GIVEN ENTRIES =>
-*-*-
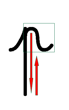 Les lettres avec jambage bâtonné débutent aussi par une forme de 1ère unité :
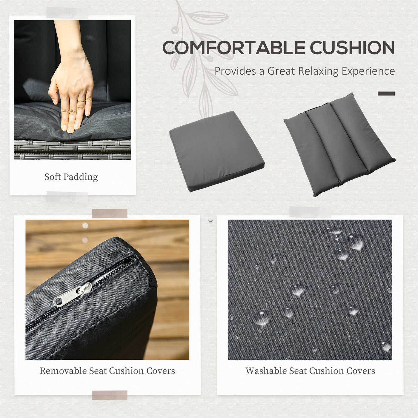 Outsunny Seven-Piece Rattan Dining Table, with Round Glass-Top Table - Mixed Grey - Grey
-*-*-
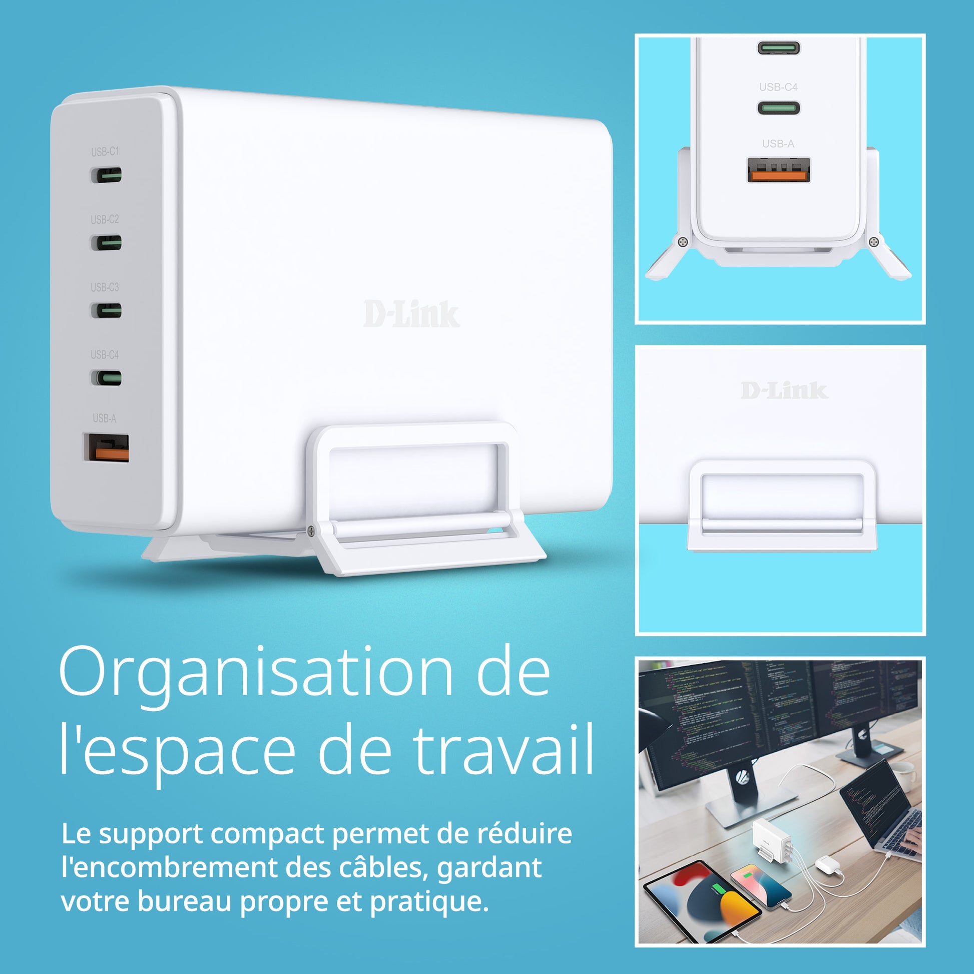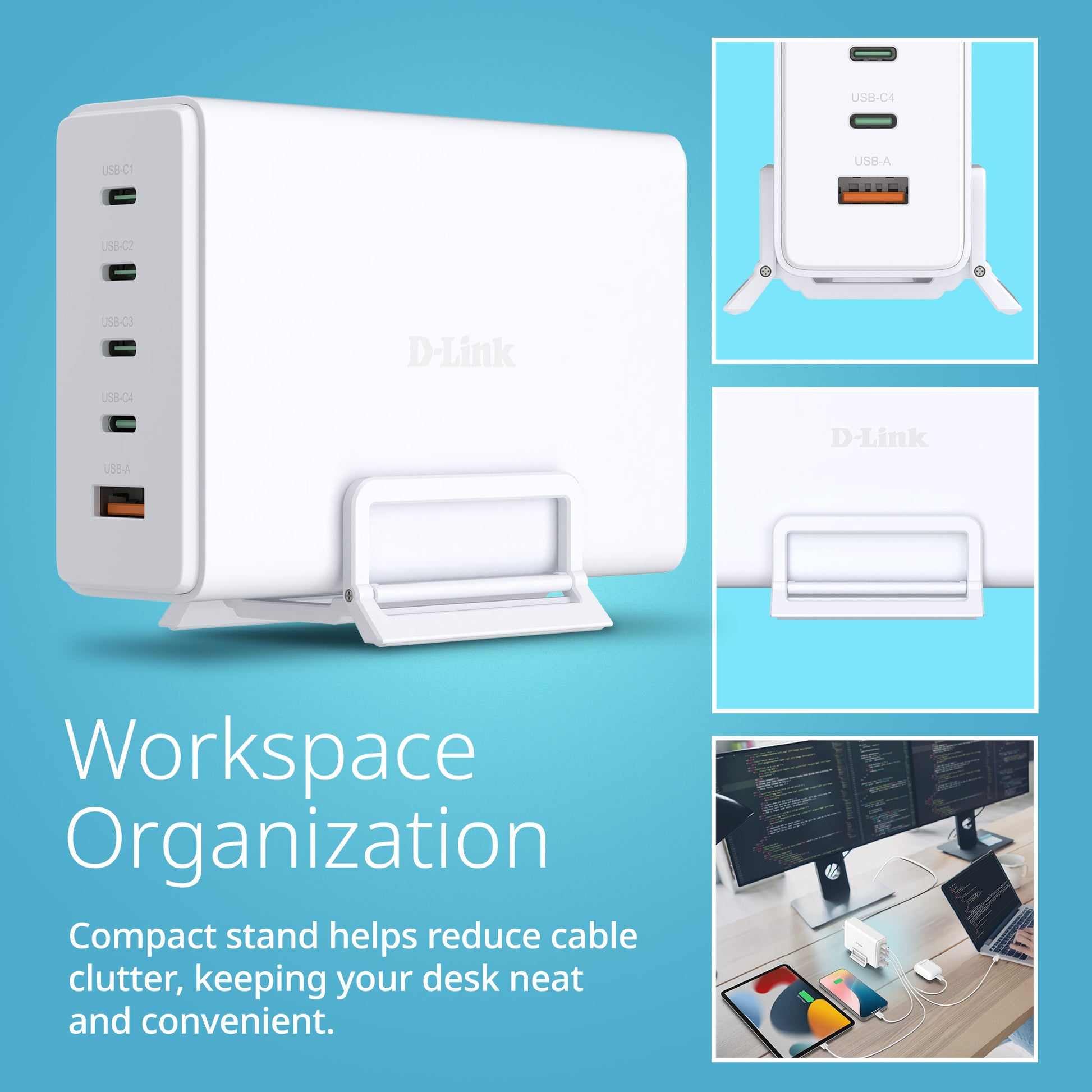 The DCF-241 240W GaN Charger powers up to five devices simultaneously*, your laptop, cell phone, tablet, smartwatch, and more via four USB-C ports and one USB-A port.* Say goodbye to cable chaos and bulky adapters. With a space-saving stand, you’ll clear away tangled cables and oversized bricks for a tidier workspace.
-*-*-
WHAT THIS TASK INVOLVES => Starting at the line containing "Les lettres avec" and finishing at the line containing "Outsunny Seven-Piece Rattan", return those lines exactly as they appear above, without the pictures.

SOLVED PROBLEM =>
 Les lettres avec jambage bâtonné débutent aussi par une forme de 1ère unité :
 Outsunny Seven-Piece Rattan Dining Table, with Round Glass-Top Table - Mixed Grey - Grey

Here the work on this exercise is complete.